→ EXERCISE OBJECTIVE
Once you find the line with "Maxon Pure Derm" in the listing below, set down exactly every line from it through the line with "A casa possui", but no pictures.

___ DATA FOR REVIEW

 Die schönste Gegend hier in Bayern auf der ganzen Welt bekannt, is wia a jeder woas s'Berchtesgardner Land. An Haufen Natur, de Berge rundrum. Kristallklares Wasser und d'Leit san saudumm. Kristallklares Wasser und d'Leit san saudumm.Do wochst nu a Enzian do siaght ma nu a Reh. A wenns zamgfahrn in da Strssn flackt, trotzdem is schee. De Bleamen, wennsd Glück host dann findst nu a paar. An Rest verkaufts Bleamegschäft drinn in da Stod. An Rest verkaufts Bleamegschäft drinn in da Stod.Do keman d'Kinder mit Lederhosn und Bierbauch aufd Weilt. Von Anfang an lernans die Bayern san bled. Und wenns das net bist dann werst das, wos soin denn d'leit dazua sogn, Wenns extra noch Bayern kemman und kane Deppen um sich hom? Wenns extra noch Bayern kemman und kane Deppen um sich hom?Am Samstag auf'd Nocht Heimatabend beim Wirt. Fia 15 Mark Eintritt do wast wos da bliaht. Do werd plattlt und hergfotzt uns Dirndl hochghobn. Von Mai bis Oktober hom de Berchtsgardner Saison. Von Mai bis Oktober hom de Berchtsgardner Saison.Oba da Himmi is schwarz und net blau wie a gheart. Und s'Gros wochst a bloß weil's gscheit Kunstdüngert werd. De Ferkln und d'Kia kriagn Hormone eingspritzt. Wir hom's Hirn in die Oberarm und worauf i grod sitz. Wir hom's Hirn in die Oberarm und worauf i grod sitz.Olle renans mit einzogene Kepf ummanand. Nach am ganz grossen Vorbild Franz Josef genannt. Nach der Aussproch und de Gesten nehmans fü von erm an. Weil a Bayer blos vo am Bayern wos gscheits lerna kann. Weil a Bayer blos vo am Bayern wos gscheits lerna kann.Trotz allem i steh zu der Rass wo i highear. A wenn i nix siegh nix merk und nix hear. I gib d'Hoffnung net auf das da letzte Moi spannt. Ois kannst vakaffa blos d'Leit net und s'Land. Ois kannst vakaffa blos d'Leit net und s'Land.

______
___ DATA FOR REVIEW

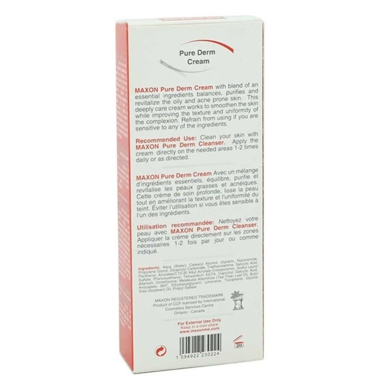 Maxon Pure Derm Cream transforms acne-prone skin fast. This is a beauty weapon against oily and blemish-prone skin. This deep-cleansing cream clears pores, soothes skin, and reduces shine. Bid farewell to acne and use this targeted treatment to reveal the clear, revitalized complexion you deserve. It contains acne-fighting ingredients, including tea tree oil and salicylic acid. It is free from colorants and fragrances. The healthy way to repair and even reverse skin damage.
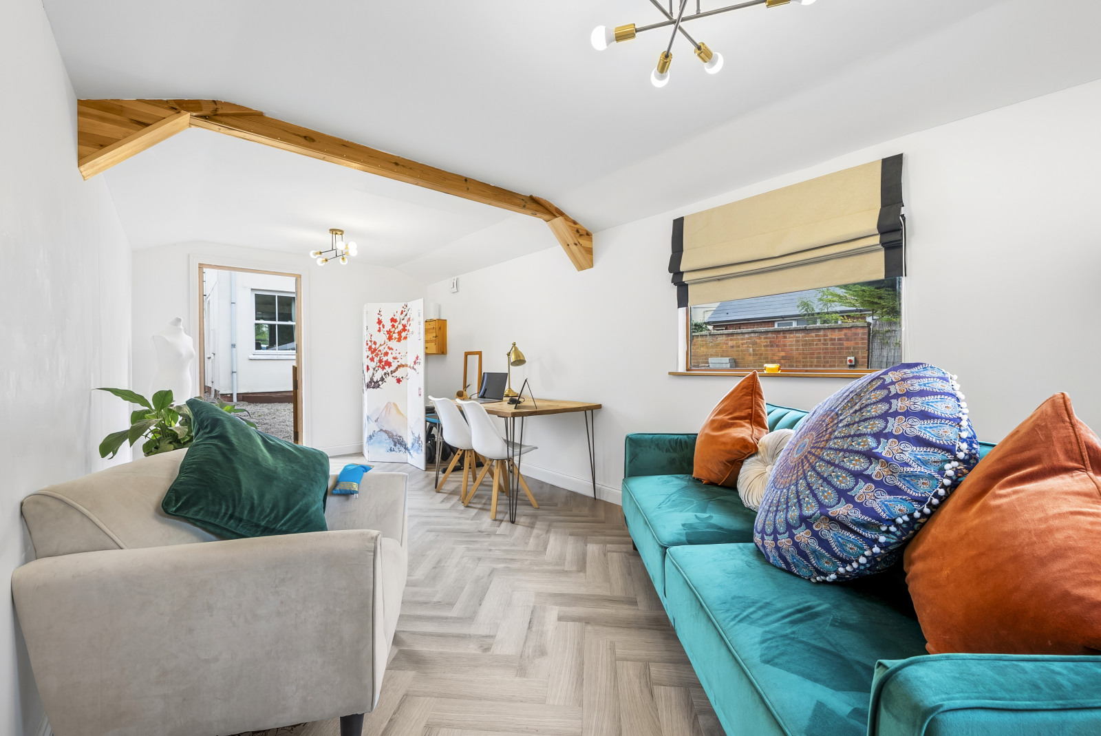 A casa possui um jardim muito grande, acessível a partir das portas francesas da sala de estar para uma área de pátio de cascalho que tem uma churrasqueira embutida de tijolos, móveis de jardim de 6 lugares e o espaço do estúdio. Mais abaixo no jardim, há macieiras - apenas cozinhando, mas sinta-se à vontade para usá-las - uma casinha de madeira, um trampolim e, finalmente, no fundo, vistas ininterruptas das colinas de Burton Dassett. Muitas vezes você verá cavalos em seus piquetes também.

______

→ YOUR RESPONSE
 Maxon Pure Derm Cream transforms acne-prone skin fast. This is a beauty weapon against oily and blemish-prone skin. This deep-cleansing cream clears pores, soothes skin, and reduces shine. Bid farewell to acne and use this targeted treatment to reveal the clear, revitalized complexion you deserve. It contains acne-fighting ingredients, including tea tree oil and salicylic acid. It is free from colorants and fragrances. The healthy way to repair and even reverse skin damage.
 A casa possui um jardim muito grande, acessível a partir das portas francesas da sala de estar para uma área de pátio de cascalho que tem uma churrasqueira embutida de tijolos, móveis de jardim de 6 lugares e o espaço do estúdio. Mais abaixo no jardim, há macieiras - apenas cozinhando, mas sinta-se à vontade para usá-las - uma casinha de madeira, um trampolim e, finalmente, no fundo, vistas ininterruptas das colinas de Burton Dassett. Muitas vezes você verá cavalos em seus piquetes também.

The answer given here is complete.